In addition, gross profit margins vary according to the customer mix. For
example, sales to residential customers generate higher gross profit margins
than sales to other customer groups, such as agricultural customers.
Accordingly, a change in customer mix can affect gross profit without
necessarily impacting total sales.
Lastly, the propane industry is seasonal in nature with peak activity occurring
during the winter months. Accordingly, results of operations for the periods
presented are not necessarily indicative of the results to be expected for a
full year.
VOLUME
For the three months ended December 31, 1997, retail propane volume increased
4.2 million gallons, or 12.1%, to 38.6 million gallons, as compared to 34.4
million gallons for the three months ended December 31, 1996. This increase was
largely due to the October 22, 1997 acquisition of Pearl Gas, which provided 4.4
million gallons of additional volume and to increased demand for agricultural
uses, which was offset by lower residential consumption.

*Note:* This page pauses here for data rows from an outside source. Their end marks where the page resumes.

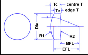| 型號(hào) | 材料 | 直徑mm/inch | 邊緣厚度mm | 鍍膜 | 有效焦距mm/inch |
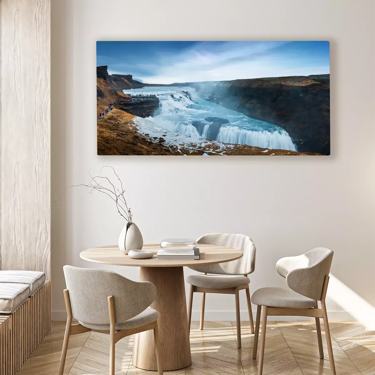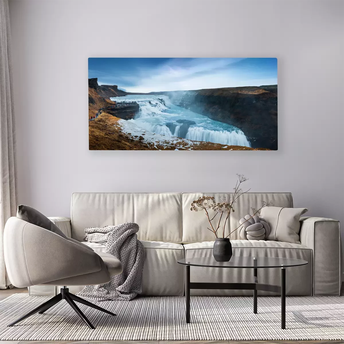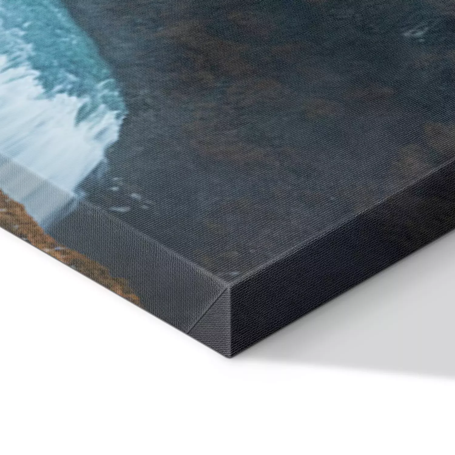 De print wordt aangebracht op hoogwaardig canvas dat op een schildersweefgetouw (spieraam) wordt gespannen. Omdat de print de zijranden bedekt, hoeft het ontwerp niet met een extra kader te worden omlijst. Wij raden ook composities aan die uit meerdere foto's bestaan en zo een coherente compositie vormen.
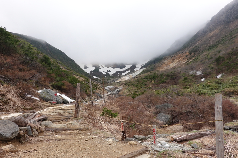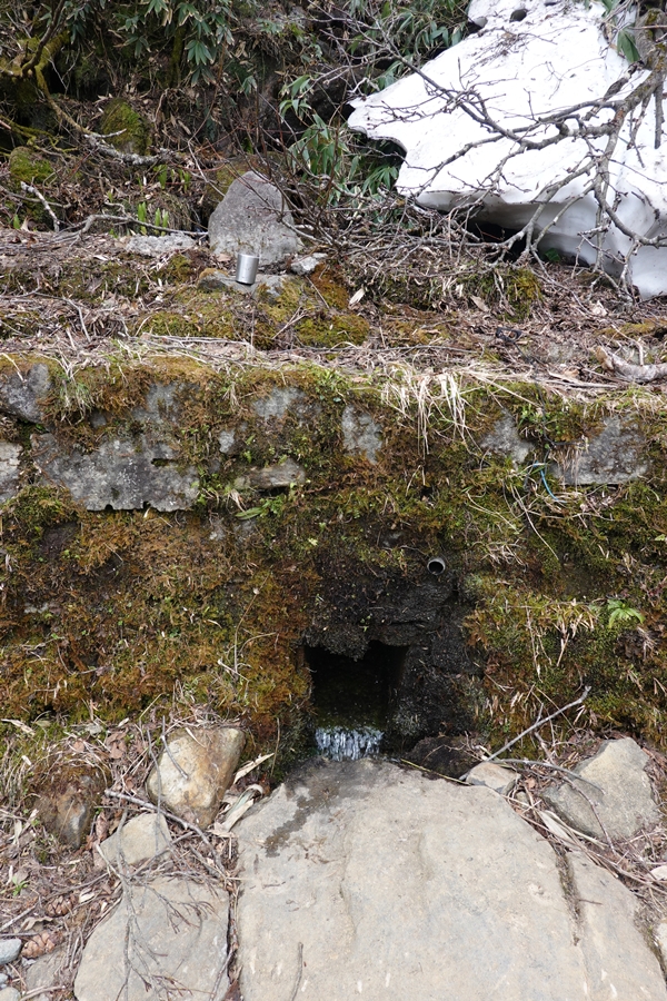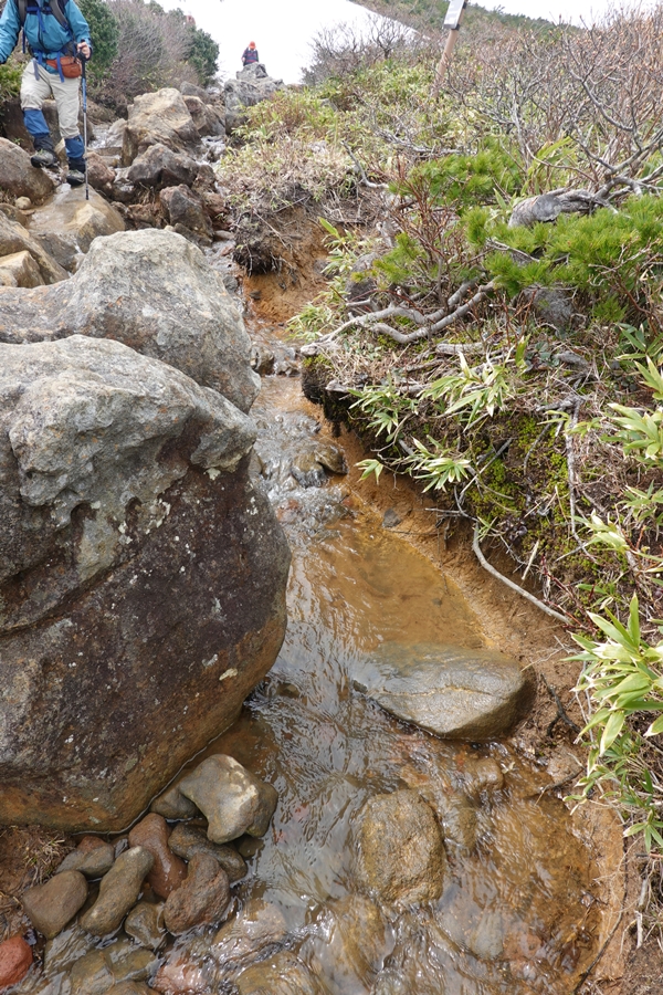腹ごしらえして山頂を目指して歩いていきます。 だいぶ雪も消えて水が流れている感じはなかったですが、残雪が少し。 |
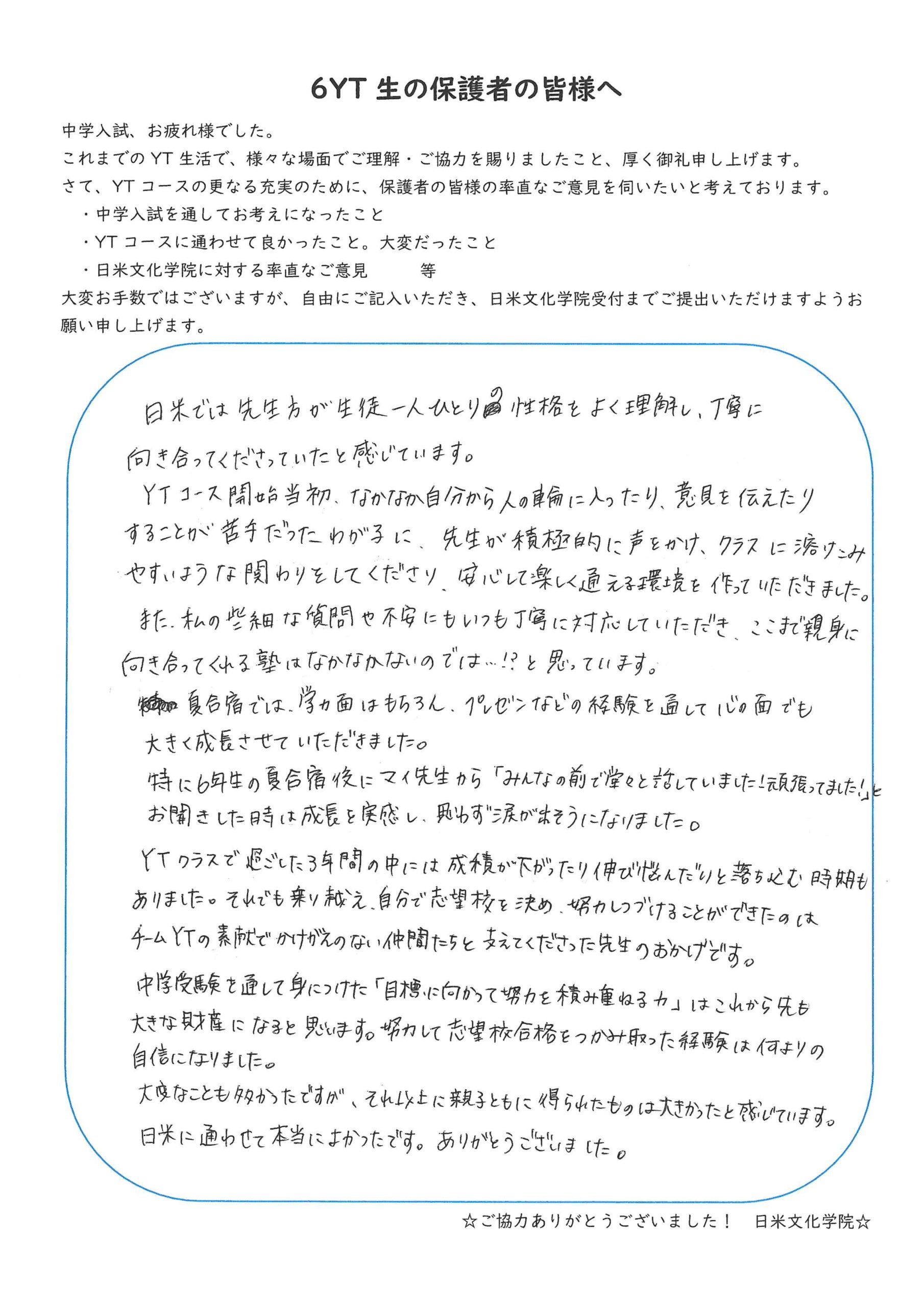 生徒・保護者の声
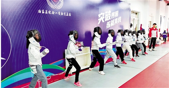 海盐县实验小学教育集团引进击剑课程。 张斌 摄
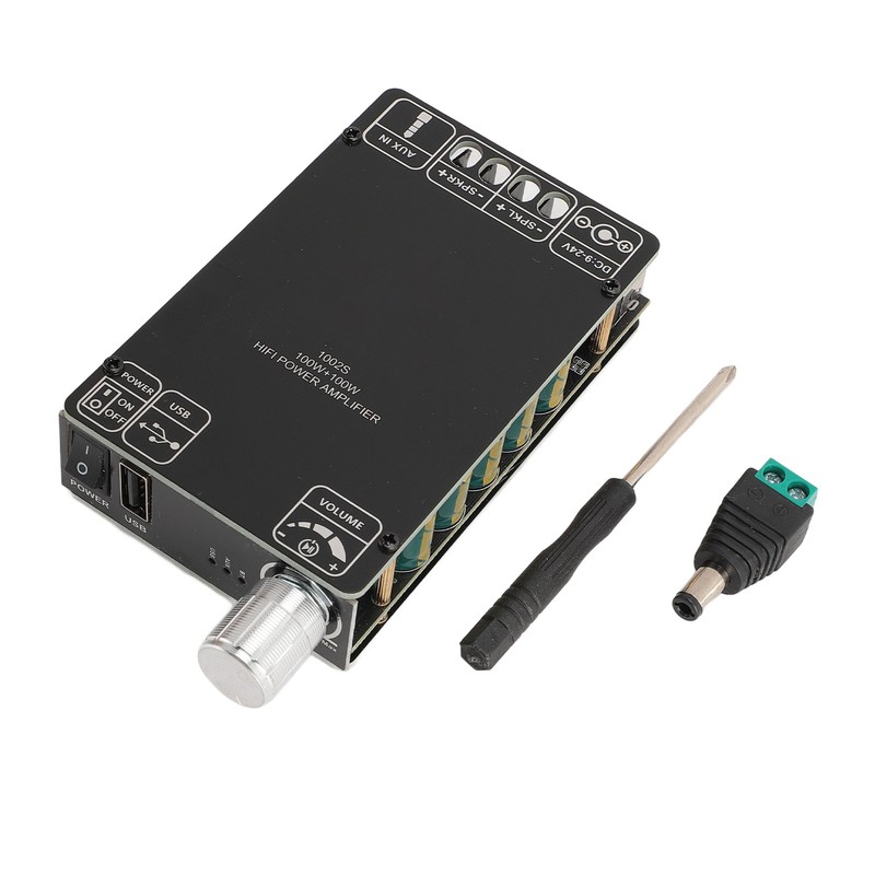 1、TPA3116D2 CHIPS: This amplifier board features dual HiFi grade TPA3116D2 chips, providing a wide voltage input range of DC 9‑24V, with a peak output of 100W plus 100W at 1kHz, 21V, and 4 ohm speakers. 2、MULTIPLE INPUT METHODS: Amplifier board supports Bluetooth input, 3.5mm AUX input, USB input and so on. Compatible with smartphones, tablets, laptops, MP3 players and many other devices. You can easily switch between preferred sound input methods. 3、INDICATOR LIGHTS AND UPGRADED DC SOCKET: This amp board includes different indicator lights for a more intuitive view of the current input mode. The upgraded DC socket ensures a no spark power connection for enhanced safety and reliability. 4、SUPPORTS MULTI MUSIC FORMATS: When playing music from a USB flash drive, MP3, FALC, MAV, APE and other music formats are supported. For formats such as FLAC, the music bit rate should be within 1500kbps, and for MAV, the sampling rate should be within 44100Hz. The USB flash drive must be formatted in FAT32 format and have a capacity of no more than 32GB. 5、APP CONTROL: This Bluetooth power amplifier board supports APP control, which allows you to switch input modes, set the amplifier board's Bluetooth name and password, etc. Experience the convenience of operating.
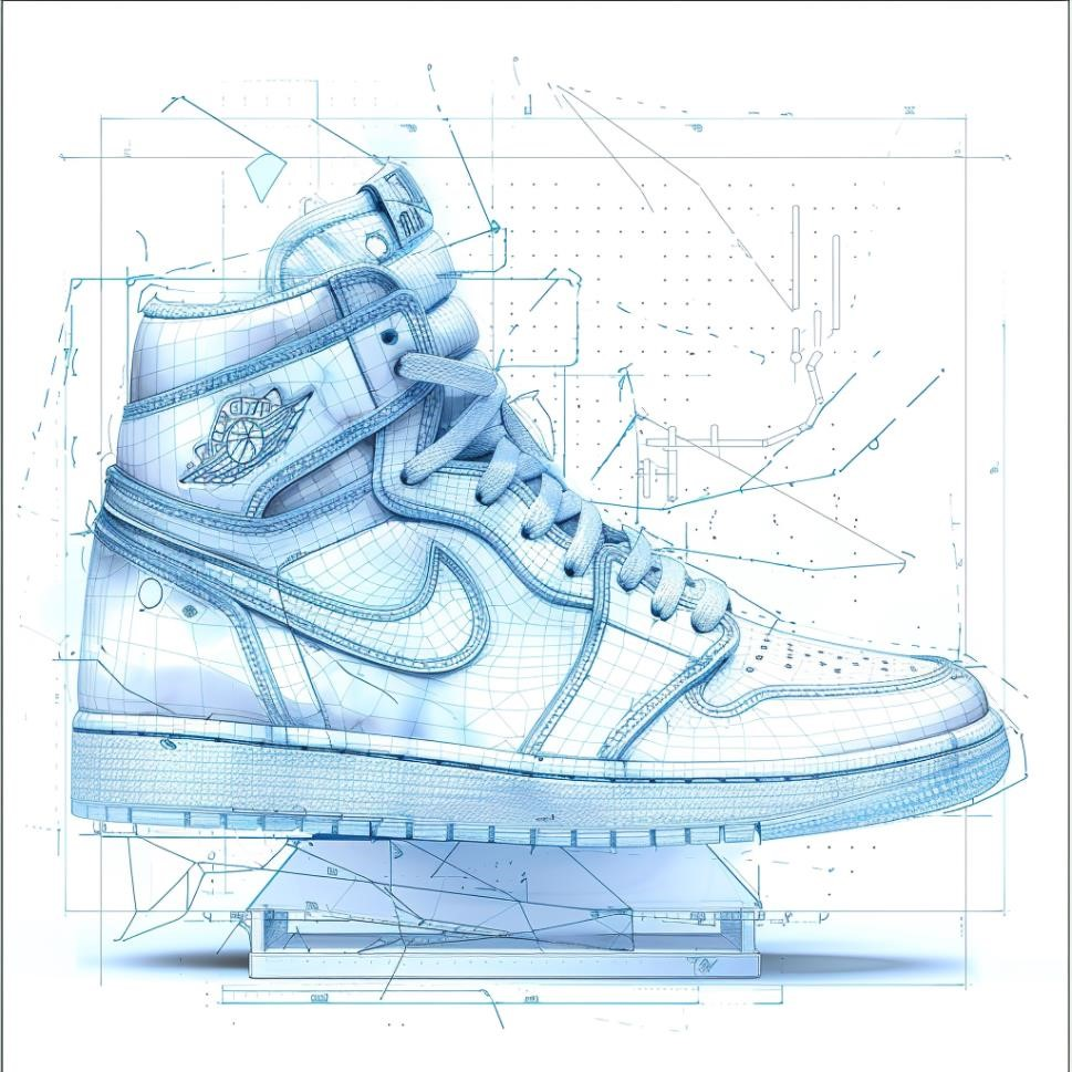 PROMPT: blue print design of a sneaker, digital sketch, 4k, detailed --v 6.0 --s 250

For the three months ended December 31, 1997, wholesale propane volume declined
by 4.6 million gallons, or 32.5%, to 9.6 million gallons, as compared to
unusually high 14.2 million gallons for the three months ended December 31,
1996. This decline was primarily due to the reduction in spot sales to certain
customers.
SALES
Sales declined 17.8%, or $9.1 million, to $41.8 million for the three months
ended December 31, 1997, as compared to $50.9 million for the three months ended
December 31, 1996. This decline was attributable to a reduction in wholesale
volume and lower retail and wholesale selling prices and was partially offset by
the additional sales provided by the Pearl operations. During the three months
ended December 31, 1997, retail and wholesale selling prices declined versus the
prior year's comparable quarter in response to lower propane supply costs.
10
COST OF SALES
Cost of sales declined 25.4% or $7.3 million to $21.7 million for the three
months ended December 31, 1997, as compared to $29.0 million for the three
months ended December 31, 1996. This decline was largely due to lower propane
supply costs and lower wholesale sales volume, which was partially offset by the
cost of sales attributable to the Pearl operations.
GROSS PROFIT
Gross profit declined $1.6 million or 7.6% to $20.2 million for the three months
ended December 31, 1997, as compared to $21.8 million for the three months ended
December 31, 1996. Lower wholesale volume and a decline in wholesale and retail
propane per gallon margins were the primary factors resulting in the gross
profit decline, which more than offset the additional gross profit resulting
from the Pearl operations.
While retail margins for the three months ended December 31, 1997 declined from
the level achieved during the comparable 1996 period, these margins compared
favorably with those achieved during the three month periods ended December 31,
1994 and December 31, 1995.
DELIVERY AND BRANCH EXPENSES
Delivery and branch expenses increased $0.3 million, or 3.1%, to $10.1 million
for the three months ended December 31, 1997, as compared to $9.8 million for
the three months ended December 31, 1996. The 3.1% increase was less than the
12.1% increase in retail volume, and was largely attributable to the $0.6
million in additional operating costs associated with the Pearl operations. For
the Partnership's operations prior to the Pearl acquisition, delivery and branch
expenses were $0.3 million less than the prior year's comparable period due to
lower insurance costs and vehicle operating expenses.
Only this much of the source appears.